COLLECTED MATERIAL section start

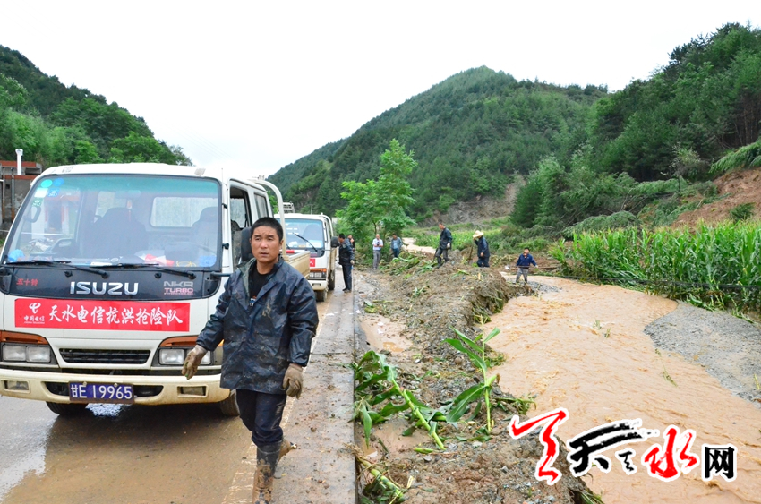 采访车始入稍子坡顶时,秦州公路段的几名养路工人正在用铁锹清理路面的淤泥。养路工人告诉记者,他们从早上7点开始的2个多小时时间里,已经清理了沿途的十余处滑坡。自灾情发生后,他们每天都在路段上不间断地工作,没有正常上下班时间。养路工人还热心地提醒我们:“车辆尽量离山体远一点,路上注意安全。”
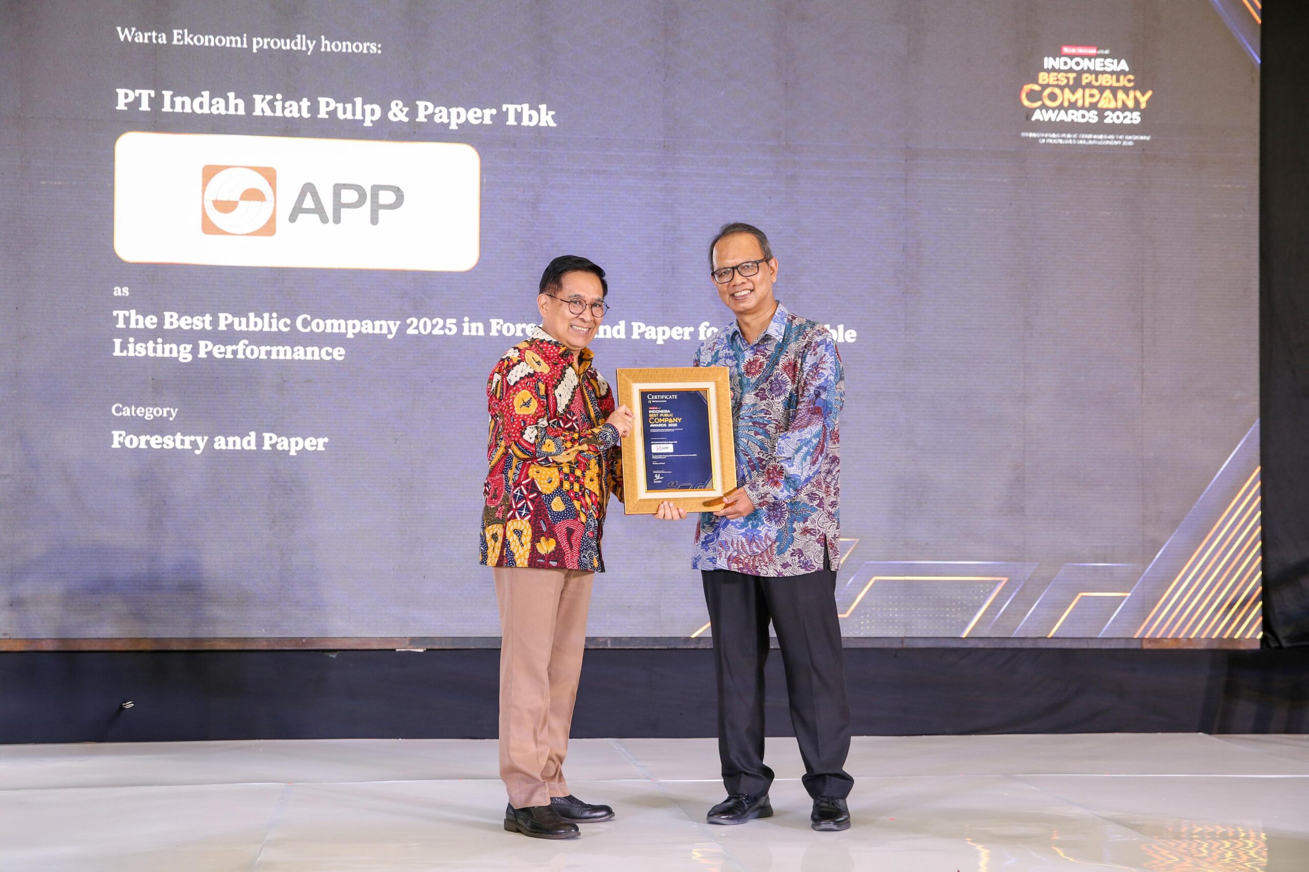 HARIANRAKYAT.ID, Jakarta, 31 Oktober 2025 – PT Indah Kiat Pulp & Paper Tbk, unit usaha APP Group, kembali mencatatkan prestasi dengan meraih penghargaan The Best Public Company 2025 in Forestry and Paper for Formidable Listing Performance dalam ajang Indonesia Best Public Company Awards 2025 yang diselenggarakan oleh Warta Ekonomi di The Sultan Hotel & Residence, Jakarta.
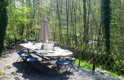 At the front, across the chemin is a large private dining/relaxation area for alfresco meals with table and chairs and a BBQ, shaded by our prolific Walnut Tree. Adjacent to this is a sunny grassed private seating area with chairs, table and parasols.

COLLECTED MATERIAL section end

== WHAT YOU ARE ASKED TO DO ==
Restate the material above word for word, so that nothing changes except that the pictures are gone.

== REPLY ==
 采访车始入稍子坡顶时,秦州公路段的几名养路工人正在用铁锹清理路面的淤泥。养路工人告诉记者,他们从早上7点开始的2个多小时时间里,已经清理了沿途的十余处滑坡。自灾情发生后,他们每天都在路段上不间断地工作,没有正常上下班时间。养路工人还热心地提醒我们:“车辆尽量离山体远一点,路上注意安全。”
 HARIANRAKYAT.ID, Jakarta, 31 Oktober 2025 – PT Indah Kiat Pulp & Paper Tbk, unit usaha APP Group, kembali mencatatkan prestasi dengan meraih penghargaan The Best Public Company 2025 in Forestry and Paper for Formidable Listing Performance dalam ajang Indonesia Best Public Company Awards 2025 yang diselenggarakan oleh Warta Ekonomi di The Sultan Hotel & Residence, Jakarta.
 At the front, across the chemin is a large private dining/relaxation area for alfresco meals with table and chairs and a BBQ, shaded by our prolific Walnut Tree. Adjacent to this is a sunny grassed private seating area with chairs, table and parasols.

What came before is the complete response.